Task statement >> Leaving out the images, return the data below exactly as it is written.

- - - -

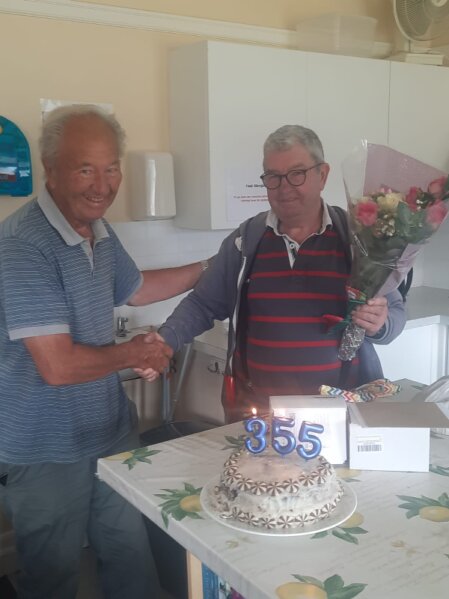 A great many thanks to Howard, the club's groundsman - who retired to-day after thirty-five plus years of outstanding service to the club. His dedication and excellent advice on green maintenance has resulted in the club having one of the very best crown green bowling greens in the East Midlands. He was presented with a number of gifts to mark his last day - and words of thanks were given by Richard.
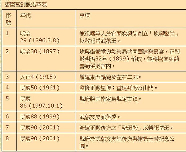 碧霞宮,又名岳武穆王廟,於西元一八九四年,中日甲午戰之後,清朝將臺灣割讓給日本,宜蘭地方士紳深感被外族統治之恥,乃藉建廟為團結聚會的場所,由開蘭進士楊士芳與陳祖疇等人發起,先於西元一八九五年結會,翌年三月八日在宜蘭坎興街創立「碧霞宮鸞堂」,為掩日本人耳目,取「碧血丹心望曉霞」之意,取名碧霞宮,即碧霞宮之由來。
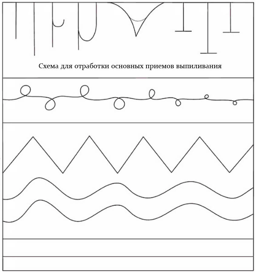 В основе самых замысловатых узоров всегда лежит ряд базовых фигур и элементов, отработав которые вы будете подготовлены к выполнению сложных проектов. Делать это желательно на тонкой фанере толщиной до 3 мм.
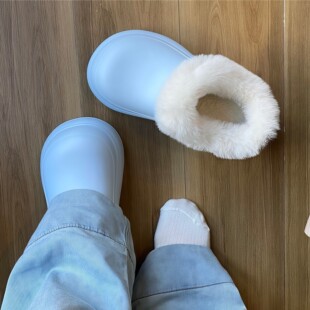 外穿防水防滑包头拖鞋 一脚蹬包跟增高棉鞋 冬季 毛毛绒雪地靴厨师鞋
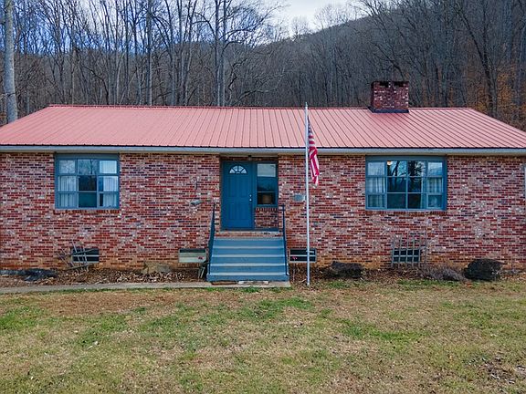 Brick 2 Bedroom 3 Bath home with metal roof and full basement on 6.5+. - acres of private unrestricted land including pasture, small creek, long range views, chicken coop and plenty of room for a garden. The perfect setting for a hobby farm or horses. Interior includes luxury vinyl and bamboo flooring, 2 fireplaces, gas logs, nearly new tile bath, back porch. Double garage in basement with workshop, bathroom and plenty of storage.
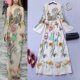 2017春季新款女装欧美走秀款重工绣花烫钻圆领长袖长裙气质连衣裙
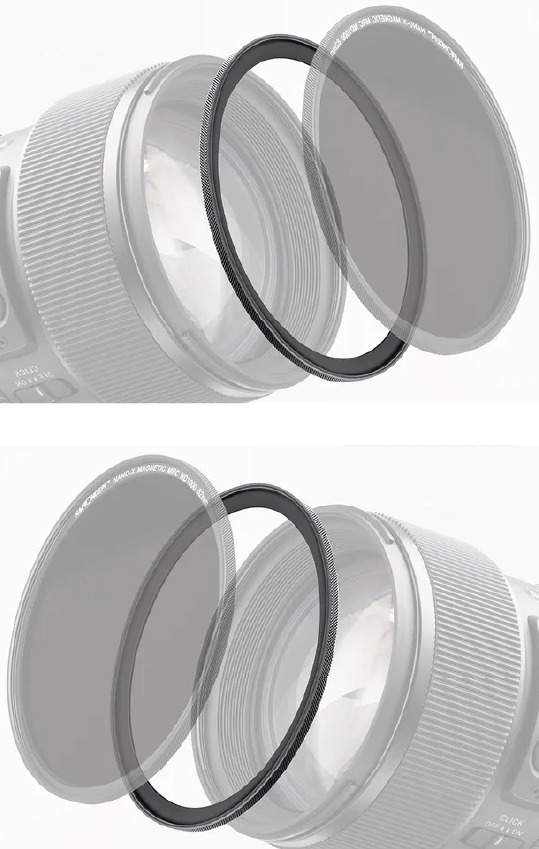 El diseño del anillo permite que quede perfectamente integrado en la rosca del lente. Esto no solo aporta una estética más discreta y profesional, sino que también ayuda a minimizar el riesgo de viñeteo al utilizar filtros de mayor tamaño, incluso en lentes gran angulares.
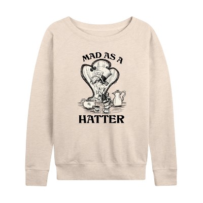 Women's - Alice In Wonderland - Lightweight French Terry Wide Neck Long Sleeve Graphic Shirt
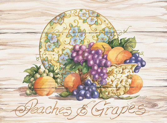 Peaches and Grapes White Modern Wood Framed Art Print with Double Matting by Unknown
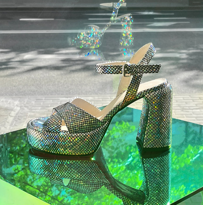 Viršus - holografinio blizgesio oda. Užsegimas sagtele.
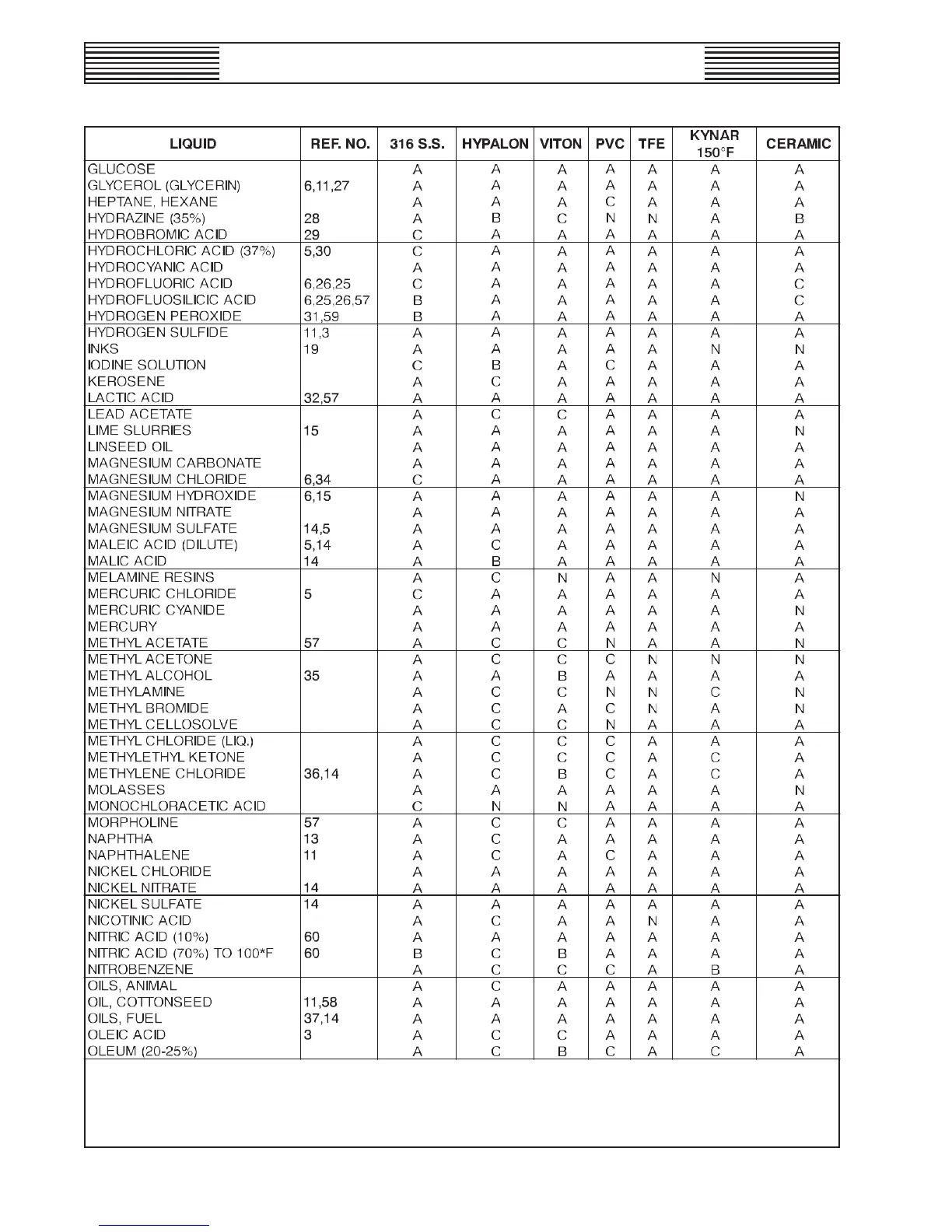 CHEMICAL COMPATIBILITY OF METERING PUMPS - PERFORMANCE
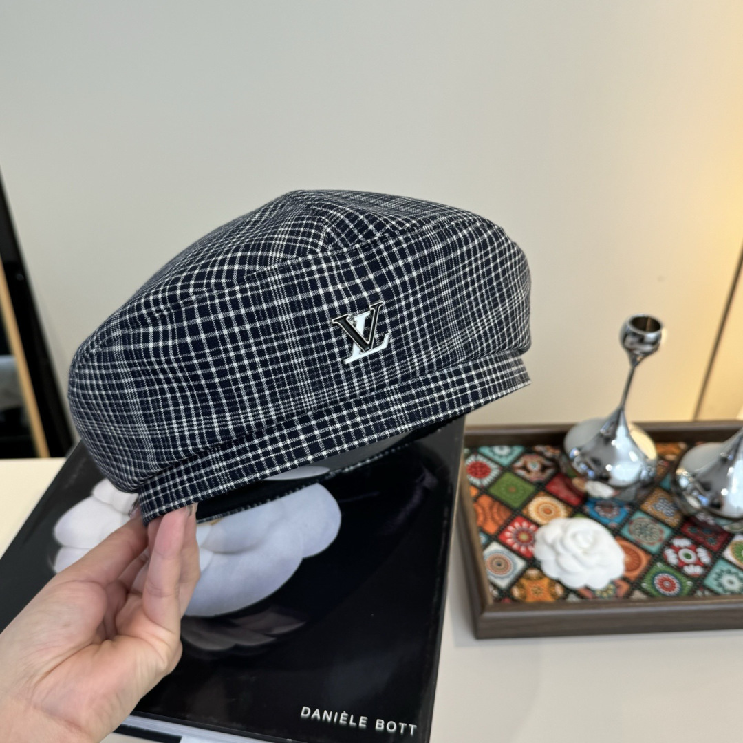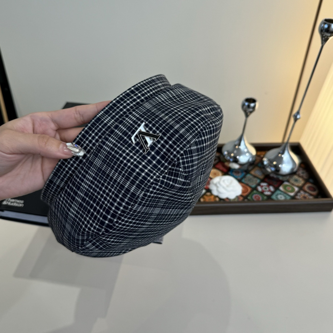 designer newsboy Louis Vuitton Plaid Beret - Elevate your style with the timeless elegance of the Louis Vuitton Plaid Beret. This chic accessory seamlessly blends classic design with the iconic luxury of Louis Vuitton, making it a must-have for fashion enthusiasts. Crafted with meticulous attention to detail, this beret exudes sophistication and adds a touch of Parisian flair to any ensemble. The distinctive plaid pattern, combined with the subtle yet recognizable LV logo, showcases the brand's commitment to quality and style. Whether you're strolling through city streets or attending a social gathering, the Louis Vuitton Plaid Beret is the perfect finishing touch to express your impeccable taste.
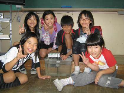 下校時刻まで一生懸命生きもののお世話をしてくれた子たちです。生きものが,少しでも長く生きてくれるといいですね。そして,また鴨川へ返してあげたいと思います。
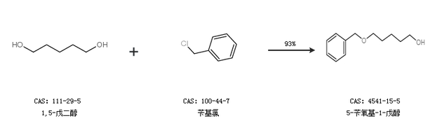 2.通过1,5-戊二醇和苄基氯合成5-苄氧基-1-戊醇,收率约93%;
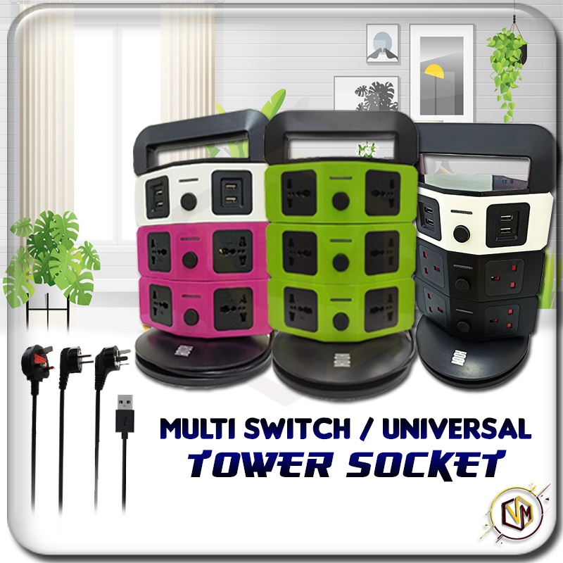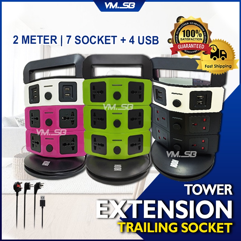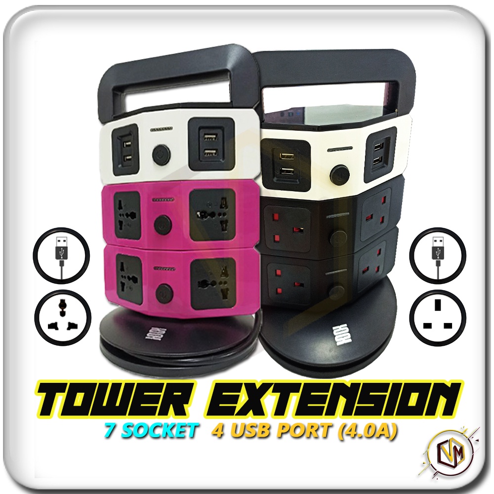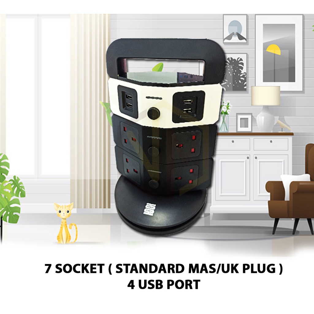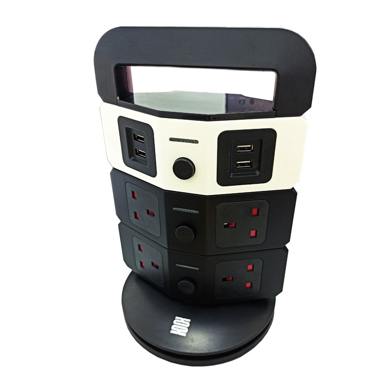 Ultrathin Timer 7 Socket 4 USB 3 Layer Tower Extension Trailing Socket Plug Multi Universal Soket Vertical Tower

- - - -

Task solution >>
 A great many thanks to Howard, the club's groundsman - who retired to-day after thirty-five plus years of outstanding service to the club. His dedication and excellent advice on green maintenance has resulted in the club having one of the very best crown green bowling greens in the East Midlands. He was presented with a number of gifts to mark his last day - and words of thanks were given by Richard.
 碧霞宮,又名岳武穆王廟,於西元一八九四年,中日甲午戰之後,清朝將臺灣割讓給日本,宜蘭地方士紳深感被外族統治之恥,乃藉建廟為團結聚會的場所,由開蘭進士楊士芳與陳祖疇等人發起,先於西元一八九五年結會,翌年三月八日在宜蘭坎興街創立「碧霞宮鸞堂」,為掩日本人耳目,取「碧血丹心望曉霞」之意,取名碧霞宮,即碧霞宮之由來。
 В основе самых замысловатых узоров всегда лежит ряд базовых фигур и элементов, отработав которые вы будете подготовлены к выполнению сложных проектов. Делать это желательно на тонкой фанере толщиной до 3 мм.
 外穿防水防滑包头拖鞋 一脚蹬包跟增高棉鞋 冬季 毛毛绒雪地靴厨师鞋
 Brick 2 Bedroom 3 Bath home with metal roof and full basement on 6.5+. - acres of private unrestricted land including pasture, small creek, long range views, chicken coop and plenty of room for a garden. The perfect setting for a hobby farm or horses. Interior includes luxury vinyl and bamboo flooring, 2 fireplaces, gas logs, nearly new tile bath, back porch. Double garage in basement with workshop, bathroom and plenty of storage.
 2017春季新款女装欧美走秀款重工绣花烫钻圆领长袖长裙气质连衣裙
 El diseño del anillo permite que quede perfectamente integrado en la rosca del lente. Esto no solo aporta una estética más discreta y profesional, sino que también ayuda a minimizar el riesgo de viñeteo al utilizar filtros de mayor tamaño, incluso en lentes gran angulares.
 Women's - Alice In Wonderland - Lightweight French Terry Wide Neck Long Sleeve Graphic Shirt
 Peaches and Grapes White Modern Wood Framed Art Print with Double Matting by Unknown
 Viršus - holografinio blizgesio oda. Užsegimas sagtele.
 CHEMICAL COMPATIBILITY OF METERING PUMPS - PERFORMANCE
 designer newsboy Louis Vuitton Plaid Beret - Elevate your style with the timeless elegance of the Louis Vuitton Plaid Beret. This chic accessory seamlessly blends classic design with the iconic luxury of Louis Vuitton, making it a must-have for fashion enthusiasts. Crafted with meticulous attention to detail, this beret exudes sophistication and adds a touch of Parisian flair to any ensemble. The distinctive plaid pattern, combined with the subtle yet recognizable LV logo, showcases the brand's commitment to quality and style. Whether you're strolling through city streets or attending a social gathering, the Louis Vuitton Plaid Beret is the perfect finishing touch to express your impeccable taste.
 下校時刻まで一生懸命生きもののお世話をしてくれた子たちです。生きものが,少しでも長く生きてくれるといいですね。そして,また鴨川へ返してあげたいと思います。
 2.通过1,5-戊二醇和苄基氯合成5-苄氧基-1-戊醇,收率约93%;
 Ultrathin Timer 7 Socket 4 USB 3 Layer Tower Extension Trailing Socket Plug Multi Universal Soket Vertical Tower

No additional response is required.